Member of the Senate
- In office 25 May 1971 – 7 December 1972
- Parliamentary group: Political Party of Radicals

Personal details
- Born: Michael Henricus Maria van Hulten 9 March 1930 Salemba, Batavia, Dutch East Indies
- Died: 1 December 2025 (aged 95) Eindhoven, Netherlands
- Party: Political Party of Radicals (1968–1981)
- Other political affiliations: See list Catholic People's Party (until 1968) Independent (1981–1991) Democrats 66 (1991–1998) Independent (1998–2000) GroenLinks (2000–2005) Labour Party (2005–2010) 50Plus (2010–2013) Ikkiesvooreerlijk.eu (2014–2019);
- Spouse: Els Delfgaauw ​ ​(m. 1966; died 2019)​
- Children: Michiel van Hulten
- Alma mater: University of Amsterdam (PhD)
- Occupation: Politician; Diplomat; Nonprofit director; Urban planner; Social geographer;

= Michel van Hulten =

Dutch politician (1930–2025)

Michael Henricus Maria "Michel" van Hulten (9 March 1930 – 1 December 2025) was a Dutch politician. As a member of the Political Party of Radicals (PPR) he was a member of the Dutch parliament and he was the undersecretary of the Minister of Transport in Joop den Uyl's cabinet.

==Life and career==
Van Hulten was born in Batavia, and was trained as a human geographer and urban planner. He earned his PhD (Amsterdam University, 1962) with a thesis on Collectivization of Agriculture in the Polish People’s Republic, 1944–1960.
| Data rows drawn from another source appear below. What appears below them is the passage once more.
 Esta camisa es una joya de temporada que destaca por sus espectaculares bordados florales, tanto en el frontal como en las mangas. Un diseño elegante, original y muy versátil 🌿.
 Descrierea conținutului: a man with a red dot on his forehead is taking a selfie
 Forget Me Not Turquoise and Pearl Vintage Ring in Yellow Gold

He was a member of the Dutch parliament Senate for the PPR. Eighteen months later he moved to the House. In May 1973, he took office as the undersecretary of the Minister of Transport, under premier Den Uyl. In this role in 1974, he introduced legislation implementing use of the tachograph to better control truck driving and mandatory driver rest periods.
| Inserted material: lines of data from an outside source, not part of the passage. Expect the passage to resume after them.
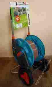Dzięki regulowanej wysokości rączki dopasowuje się do wzrostu osoby obsługującej. Skośne podłączenie węża zapobiega jego zginaniu i skręcaniu się, króciec niepożądanemu wyciekaniu wody po zakończeniu podlewania. Posiada wygodną korbę oraz duże, profilowane koła. Uchwyt wykończony materiałem chroniącym dłonie.
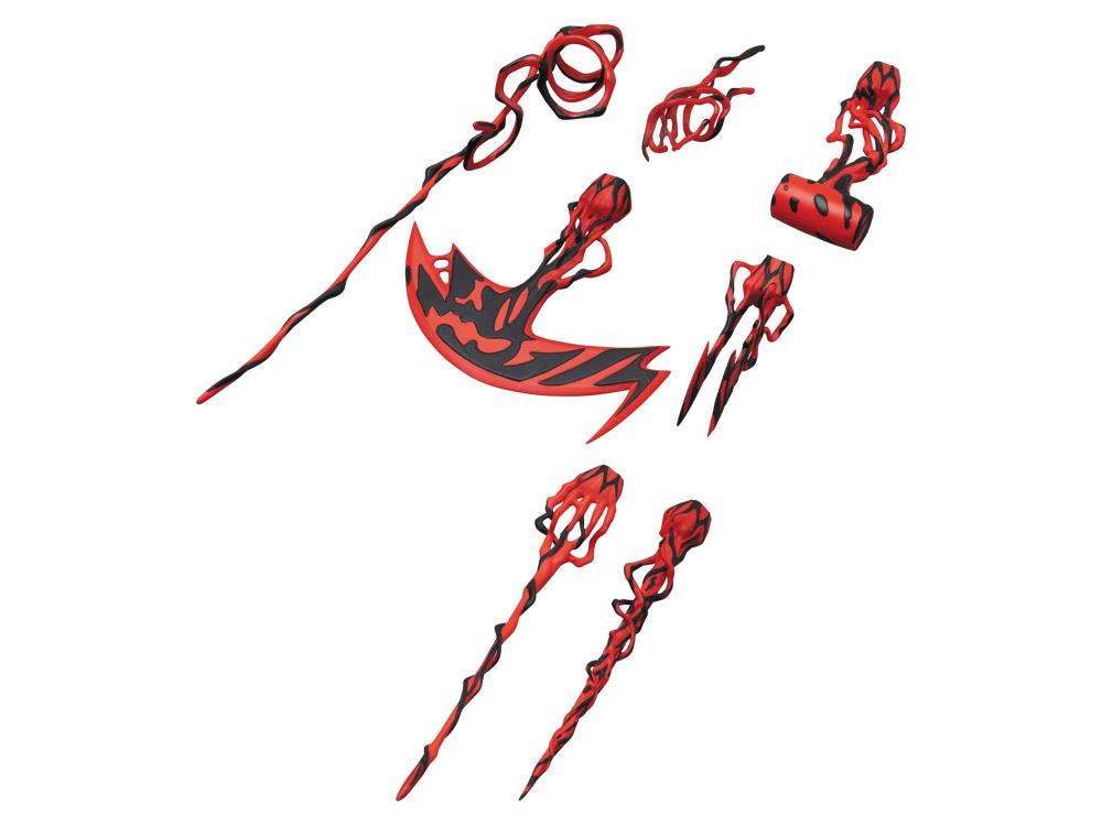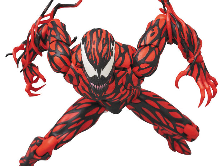 The Mafex Carnage figure stands over 6 inches tall and features a high level of articulation. Carnage includes several swappable tendril effects and a Cletus Kasady portrait.
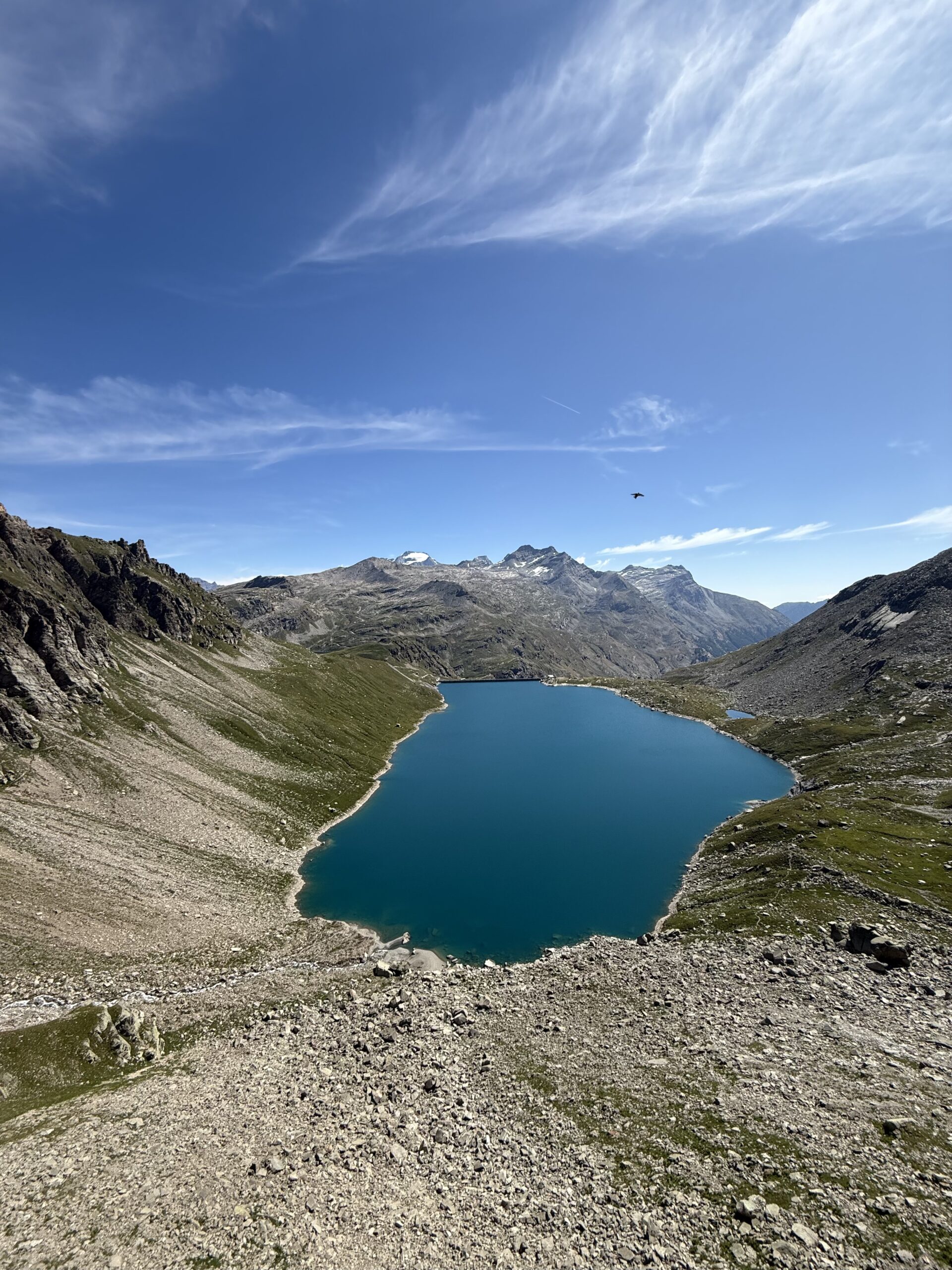 Evidente muro in fondo del lago, avvicinamento molto comodo e corto, ambiente spettacolare, via logica con movimenti interessanti e vari. Materiale: 2 mezze da 60metri, friend…

Van Hulten was a member of the Godebald-groep in the PPR and was in favor of cooperation of the PPR with the PvdA and D66 instead of cooperation with the Communist Party of the Netherlands. Van Hulten left the PPR in 1981.

Over the course of his political career, he has been a member of KVP, PPR, D66, GroenLinks and PvdA.
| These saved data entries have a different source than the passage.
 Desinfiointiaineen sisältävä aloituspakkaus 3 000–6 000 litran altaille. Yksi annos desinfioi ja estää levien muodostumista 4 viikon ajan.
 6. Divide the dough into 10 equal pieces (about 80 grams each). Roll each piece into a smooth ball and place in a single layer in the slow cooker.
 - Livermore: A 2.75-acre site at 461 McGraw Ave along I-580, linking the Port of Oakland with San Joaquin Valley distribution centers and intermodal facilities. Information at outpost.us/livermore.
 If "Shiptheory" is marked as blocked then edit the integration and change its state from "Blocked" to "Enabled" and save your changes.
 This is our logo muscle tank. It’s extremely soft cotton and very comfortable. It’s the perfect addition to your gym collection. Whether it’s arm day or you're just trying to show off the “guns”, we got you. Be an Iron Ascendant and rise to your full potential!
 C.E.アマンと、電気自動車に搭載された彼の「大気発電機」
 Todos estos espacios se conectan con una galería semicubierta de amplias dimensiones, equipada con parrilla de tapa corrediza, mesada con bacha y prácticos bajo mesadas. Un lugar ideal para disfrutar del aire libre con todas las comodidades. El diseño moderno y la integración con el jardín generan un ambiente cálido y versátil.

From 1978 to 1996, he was employed by NGOs, the United Nations and the Dutch Government working in Mali, Burkina Faso, Djibouti, Malaysia, New York, Washington and The Hague. van Hulten was a researcher specializing on corruption and integrity in the New York Headquarters of UNDP in 1984–1986.

He was Professor Governance (2007–2015) at SAXION University of Applied Sciences, School of Governance, Law and Urban Development. He worked for the World Bank (Global Coalition for Africa (1991–1996) and with NGOs with an anti-corruption focus, among others in Slovenia 2000–2002.

The parliamentary elections in 1994, he was a candidate on behalf of D66, but he was not elected. In 1994–98, he was chairman of the program committee of D66.

Despite retirement, Van Hulten remained active in public debate, as an enthusiastic advocate for free public transport in the Netherlands. He published regularly in the e-magazine www.civismundi.nl.

Michel van Hulten was the father of Michiel van Hulten, Member of the European Parliament (1999–2004) who was the leader of the Labour Party (Dutch: Partij van de Arbeid) PvdA from December 2005 to April 2007.

Van Hulten died of prostate cancer on 1 December 2025, at the age of 95.